Johnny turned on his brilliant heart stopping smile; his blue eyes twinkling in his dirt smudged face as he inspected his Jack-o-lantern.  “It’s the bestest scary punkin ever, Papa,” he announced popping his thumb in his mouth and settling comfortably against Ha’s warm chest.

By the time Scott and Papa finished the first of the twelve designs Scott had planned, Johnny was asleep.  Ha rose gently from the bench to take the little one inside to tuck him in for his nap.  Crossing the yard he couldn’t resist nuzzling the soft, dark curls and breathing in the baby scent, dreading the day his grandson would outgrow these tender mercies.

At dark, the entire family returned to the yard to light, one by one, Mamacita’s special candles, and to admire their Halloween creations.

 

~end~
October 2009  

  

 

The Legend of Stingy Jack

Stingy Jack was a miserable, old drunk who loved playing tricks on anyone and everyone. One dark, Halloween night, Jack ran into the Devil himself in a local public house. Jack tricked the Devil by offering his soul in exchange for one last drink. The Devil quickly turned himself into a sixpence to pay the bartender, but Jack immediately snatched the coin and deposited it into his pocket, next to a silver cross that he was carrying. Thus, the Devil could not change himself back and Jack refused to allow the Devil to go free until the Devil had promised not to claim Jack's soul for ten years.

The Devil agreed, and ten years later Jack again came across the Devil while out walking on a country road.

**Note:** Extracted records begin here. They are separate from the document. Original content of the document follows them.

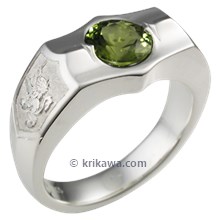 A unique band for a wedding or just everyday. Hand-engraved by a master engraver with your own crest. The center stone is flush set. Tapers from 13mm to 5mm at the palm.
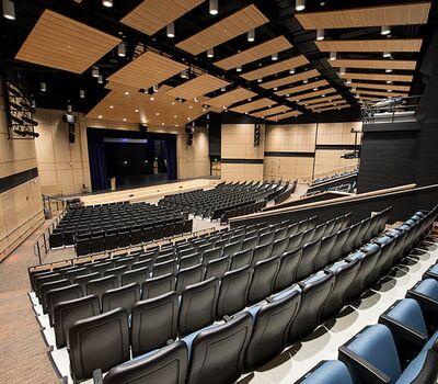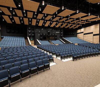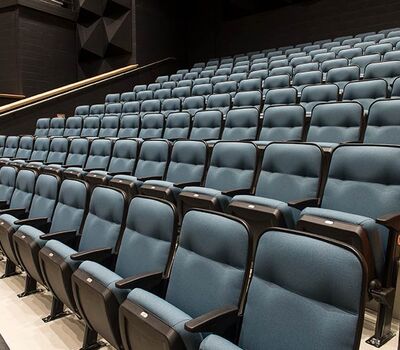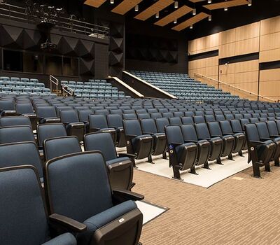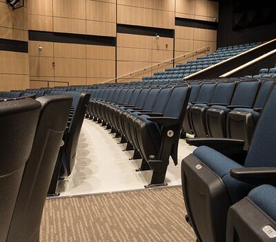 This attractive auditorium bridges the Scituate High and Middle Schools. In addition to that unique feature, two fixed seating models were supplied by Irwin Seating Company. The sloped floor area is installed with 90.12.00.4 Citation while the stepped riser area is installed with Marquee chairs. Both models are finished with black plastic and powder coat and they are upholstered in two different Maharam Messenger fabric colors.
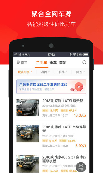 【淘车】汇聚各家车源信息,浏览的同时还能比价,各家价格一手掌握
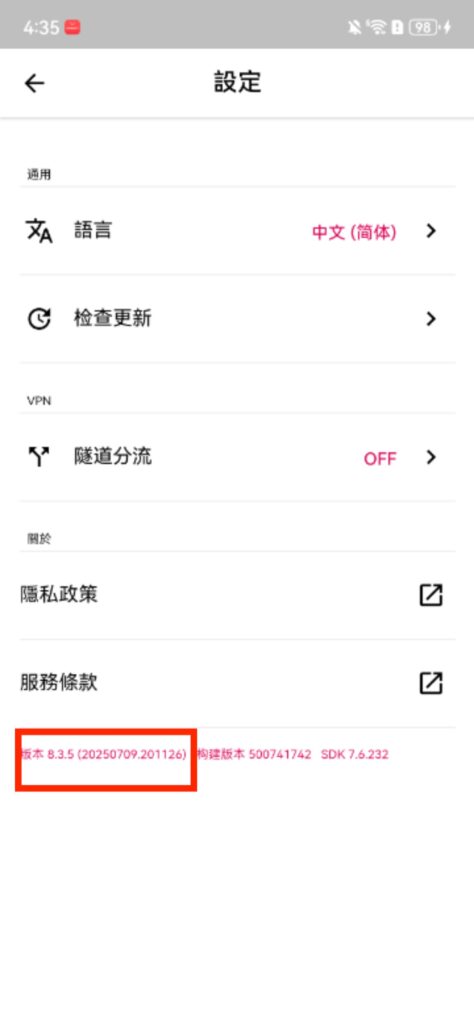 我这里安装了看了一下,蓝灯加速器目前最新版的版本号是 V8.3.5:
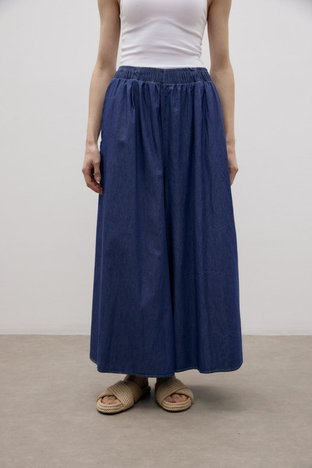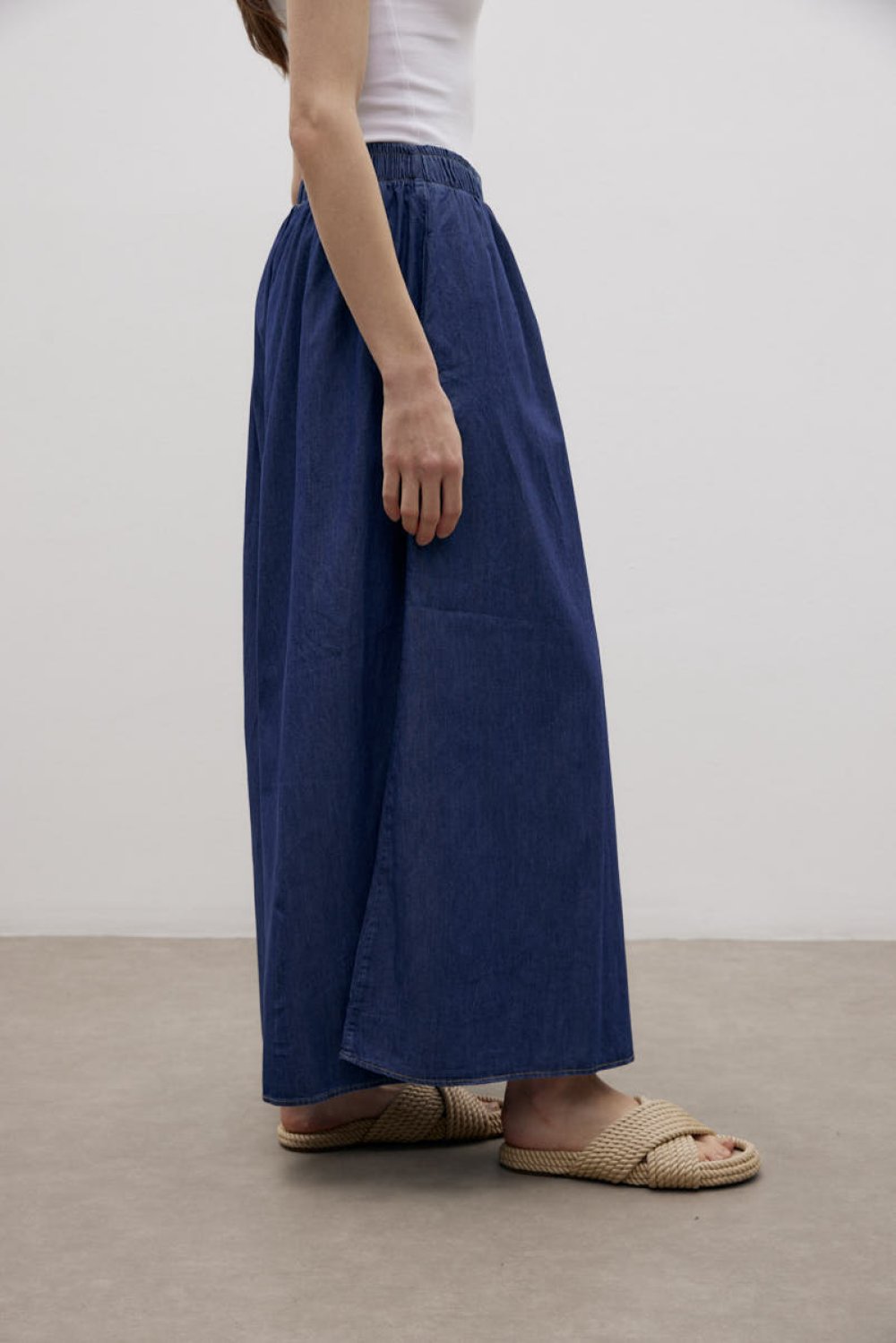 Rahatlığı ve şıklığı bir araya getiren beli lastikli tensel kot pantolon-etek, geniş ve akışkan yapısıyla günlük kombinleriniz için mükemmel bir tercihtir. Nefes alabilen tensel kot kumaşı sayesinde konforlu bir kullanım sunarken, bol kesimiyle özgür bir hareket alanı sağlar. Yan cepler detayıyla günlük kullanım için pratiklik sunar.

The Devil tried collecting what he was due, but Jack thinking quickly, said, "I'll go, but before I do, will you get me an apple from that tree?"

The Devil, thinking he had nothing to lose, jumped up into the tree to retrieve an apple. As soon as he did, Jack placed crosses all around the trunk of the tree, thus trapping the Devil once again. This time, Jack made the Devil promise that he would not take his soul when he finally died. Seeing no way around his predicament, the Devil grudgingly agreed.

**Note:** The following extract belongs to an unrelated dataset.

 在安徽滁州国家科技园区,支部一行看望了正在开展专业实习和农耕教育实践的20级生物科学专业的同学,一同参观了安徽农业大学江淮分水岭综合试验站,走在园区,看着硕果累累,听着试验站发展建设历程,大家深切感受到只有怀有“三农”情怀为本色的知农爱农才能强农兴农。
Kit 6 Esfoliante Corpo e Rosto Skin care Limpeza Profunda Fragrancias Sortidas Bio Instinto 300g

When Stingy Jack eventually passed away several years later, he went to the Gates of Heaven, but was refused entrance because of his life of drinking and because he had been so tight-fisted and deceitful. So, Jack then went down to Hell to see the Devil and find out whether it were possible to gain entrance into the depths of Hell, but the Devil kept the promise that had been made to Jack years earlier, and would not let him enter.

"But where can I go?" asked Jack.

"Back to where you came from!" replied the Devil.

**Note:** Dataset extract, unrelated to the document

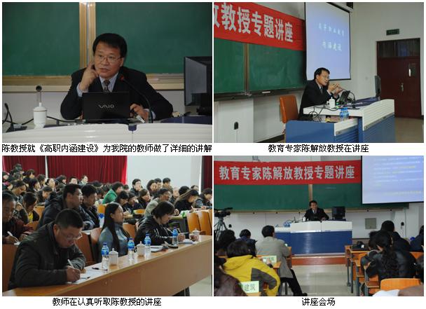 为了进一步提高广大教职工对于高职教育的理性认识,为示范校建设工作打好理论基础,我国教育专家、世界合作教育协会理事、全国高职高专校长联席会议秘书长、上海产学合作教育协会执行副秘书长、中国产学研合作教育协会副秘书长、上海第二工业大学高教研究所所长陈解放教授受邀以《高职教育内涵建设》为主题,来我院做专题讲座。
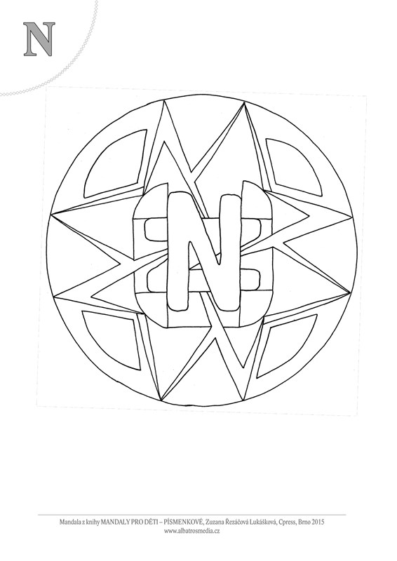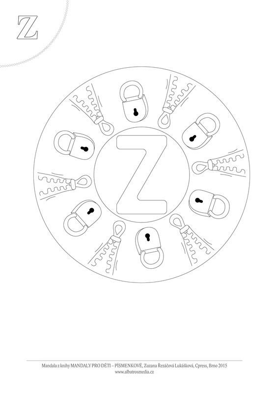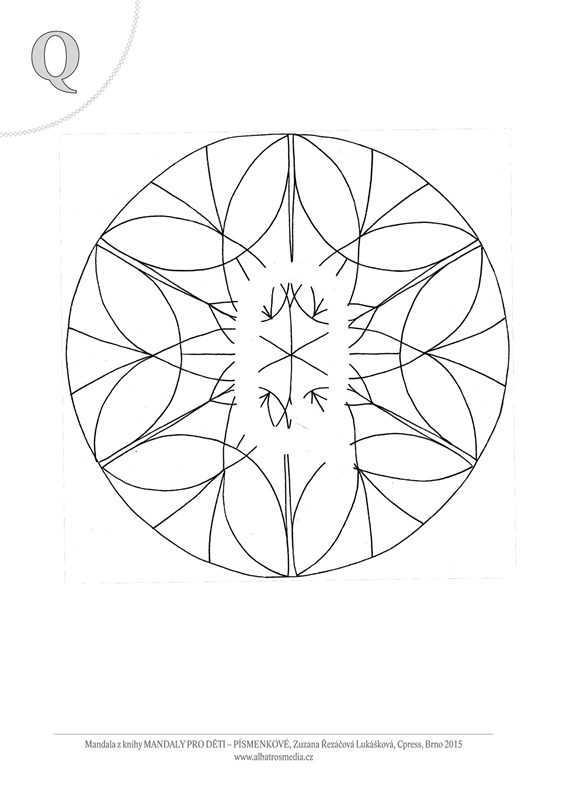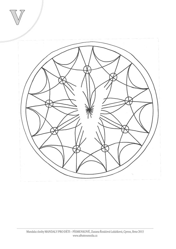 Více než 100 mandal v této publikaci je rozděleno do tří skupin. V první části knihy naleznete mandaly s písmenkem uprostřed a kolem něj obrázky zvířátek nebo věcí na toto písmenko začínající. Ve druhé skupině jsou klasické mandaly s písmenkem uprostřed a třetí část podporuje dětskou představivost - písmenko je vždy skryté mezi obrazci. Každá stránka je opatřena perforací, takže po vybarvení si ji můžete bez problémů vytrhnout a pověsit v dětském pokojíčku.

The way back was windy and very dark. Stingy Jack pleaded with the Devil to at least provide him with a light to help find his way. The Devil, as a final gesture, tossed Jack an ember straight from the fires of Hell. Jack placed the ember in a hollowed-out turnip...one of Jack's favorite foods which he always carried around with him whenever he could steal one. From that day forward, Stingy Jack has been doomed to roam the earth without a resting place and with only his lit turnip to light the way in the darkness.